There are many tools in the Python ecosystem to manage pinned package lists. The simplest, perhaps, is the pip freeze command, which prints a list of the currently installed packages and their versions. Its output can be fed to pip install -r to install again the same collection of packages.

A more sophisticated approach building on this idea is provided by the pip-compile and pip-sync tools from the pip-tools package. The process is summarized in this picture:

So if, say, requirements.in contains

torch
pytest
jupyter

then the resulting requirements.txt will contain a list of all dependencies of these packages, plus the dependencies of the dependencies, and so on — all with compatible version choices.

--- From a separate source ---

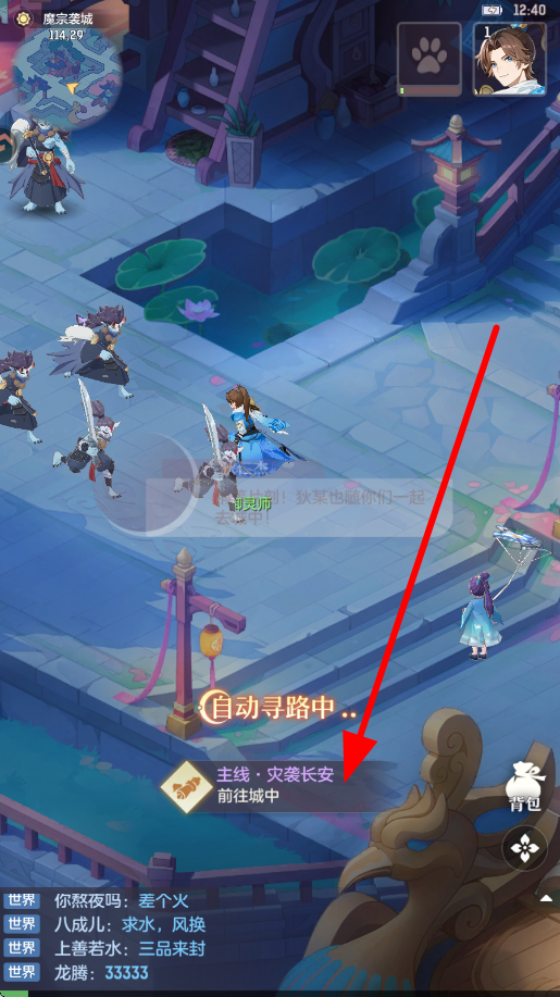 3、任务推进过程中,主线任务会指引玩家行动,当出现自动寻路提示时,角色会自动前往任务地点,方便玩家跟随主线,逐步探索长安世界,解锁更多内容。

Now, let's assume that pytest and jupyter aren't really needed in production; typically, the latter is only needed for local development and the former is needed for the CI as well as local development. So we would split our requirements into three files:

In production, we only need to install the “base” requirements; on the CI, we need the base as well as the CI set; and for local development, all three requirement sets are needed.

The pip-tools documentation already suggests a procedure to compile the above .in files into a collection of pinned .txt requirements. The idea is to first compile base.in, then use base.txtin conjunction with ci.in to produce ci.txt, and so on.

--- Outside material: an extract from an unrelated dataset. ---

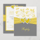 Cette carte de réponse de mariage florale jaune, grise et blanche romantique et chic comporte un ruban jaune IMPRIMÉ avec des coeurs joints en diamants et une broche en faux strass jaune qui correspond à l'invitation de mariage présentée ci-dessous. Tout le texte et le choix du papier sont personnalisables. ***VEUILLEZ NOTER qu'il n'y a pas d'éléments en relief sur cette carte. Tout est imprimé à plat. ***VEUILLEZ NOTER que si vous modifiez la police ou la taille de la police, cela peut modifier la façon dont votre invitation s'imprime. Il s'imprimera tel que vous le voyez sur votre moniteur, donc si vous avez des problèmes d'alignement ou de taille, veuillez me contacter pour obtenir de l'aide. Je ne verrai pas votre invitation une fois que vous l'aurez commandée, et Zazzle ne modifiera RIEN

The problem with this approach is that PyTorch and Pytest have dependencies in common; when we compile base.in with no regard to ci.in, we may end up selecting a package version that conflicts with Pytest. As a project (and its list of requirements) grows, the potential for conflicts and the effort needed to manually resolve them grow exponentially (literally!).


The solution


Here is a Makefile that allows you to set up a layered requirements setup and still take advantage of automatic conflict resolution. We assume it's placed in the requirements/ directory of your project, next to base.inci.indev.in files similar to the above.

## Summary of available make targets:
##
## make help   -- Display this message
## make all    -- Recompute the .txt requirements files, keeping the
##                pinned package versions.  Use this after adding or
##                removing packages from the .in files.
## make update -- Recompute the .txt requirements files files from
##                scratch, updating all packages unless pinned in the
##                .in files.

help:
	@sed -rn 's/^## ?//;T;p' $(MAKEFILE_LIST)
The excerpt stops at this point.